Member of the U.S. House of Representatives from California
- In office January 3, 1993 – January 3, 2025
- Preceded by: Tom Campbell (redistricted)
- Succeeded by: Sam Liccardo
- Constituency: 14th district (1993–2013) 18th district (2013–2023) 16th district (2023–2025)

Personal details
- Born: Anna Georges December 13, 1942 (age 83) New Britain, Connecticut, U.S.
- Party: Democratic
- Spouse: George Eshoo ​(divorced)​
- Children: 2
- Education: Cañada College (AA)
- Eshoo's voice Eshoo on congressional oversight of the Executive Branch. Recorded May 27, 2010

= Anna Eshoo =

American politician (born 1942)

Anna A. Eshoo (/ˈɛʃuː/ EH-shoo; née Georges; born December 13, 1942) is an American politician who served as the U.S. representative for from 1993 to 2025. She is a member of the Democratic Party.

The district, numbered as the 14th district from 1993 to 2013 and the 18th district from 2013 to 2023, is based in Silicon Valley, including the cities of Redwood City, Sunnyvale, Mountain View, and Palo Alto, as well as a sliver of San Jose. Eshoo was the only Assyrian-American in Congress and the only Armenian American woman in Congress during her tenure in office. On November 21, 2023, she announced she would not seek re-election in 2024.

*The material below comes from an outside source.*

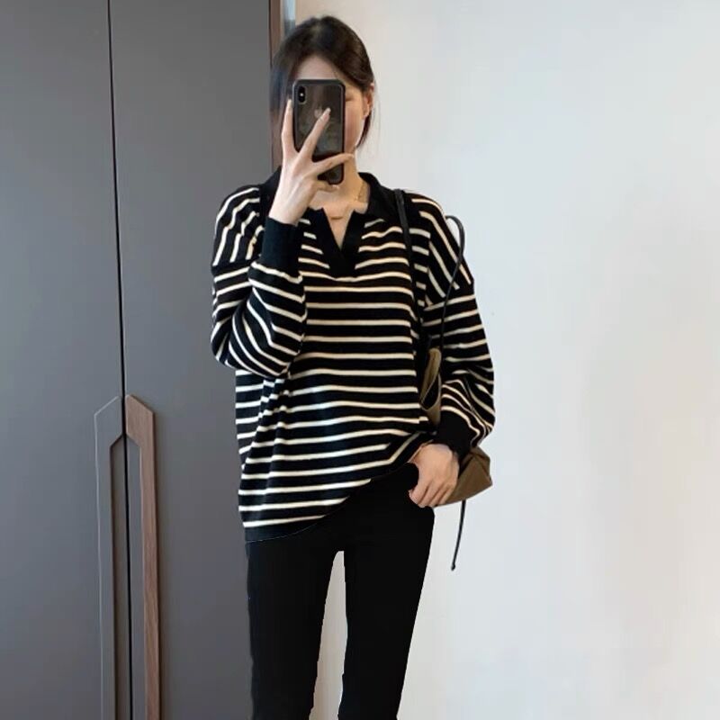 2025新款 时尚 韩版 孕妇装 条纹上衣T恤裤 套装 宽松长袖 子两件套 秋季
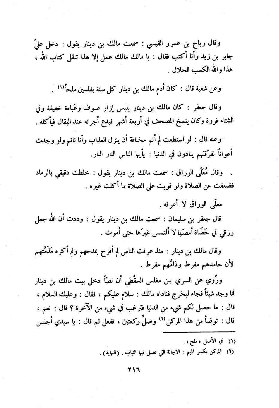 وَقَالَ جَعْفَرٌ: كَانَ مَالِكُ بْنُ دِينَارٍ يَلْبَسُ إِزَارَ صُوفٍ وَعَبَاءَةً خَفِيفَةً وَفِي الشِّتَاءِ فَرْوَةً وَكَانَ يَنْسَخُ الْمُصْحَفِ فِي أَرْبَعَةِ أَشْهُرٍ فَيَدَعُ أُجْرَتَهُ عِنْدَ الْبَقَّالِ فَيَأْكُلُهُ.

== Early life and education ==
Anna Eshoo was born in New Britain, Connecticut, of Assyrian and Armenian heritage. Her mother had fled from Armenia to Iraq, and subsequently to the United States. Her father, Fred Georges, a jeweler and watchmaker, was a Chaldean Christian.

Eshoo graduated from New Britain High School in 1960, and later moved to California. She received an Associate of Arts degree in English from Cañada College in 1975.

==Early political career==
Eshoo was Chair of the San Mateo Democratic Party from 1978 to 1982. She was also a member of the Democratic National Committee in the 1980s. She was chief of staff to Speaker pro tempore Leo McCarthy of the California State Assembly in 1981–82. Eshoo was elected to the San Mateo County Board of Supervisors in 1982 and served until 1992. She was president of the board in 1986.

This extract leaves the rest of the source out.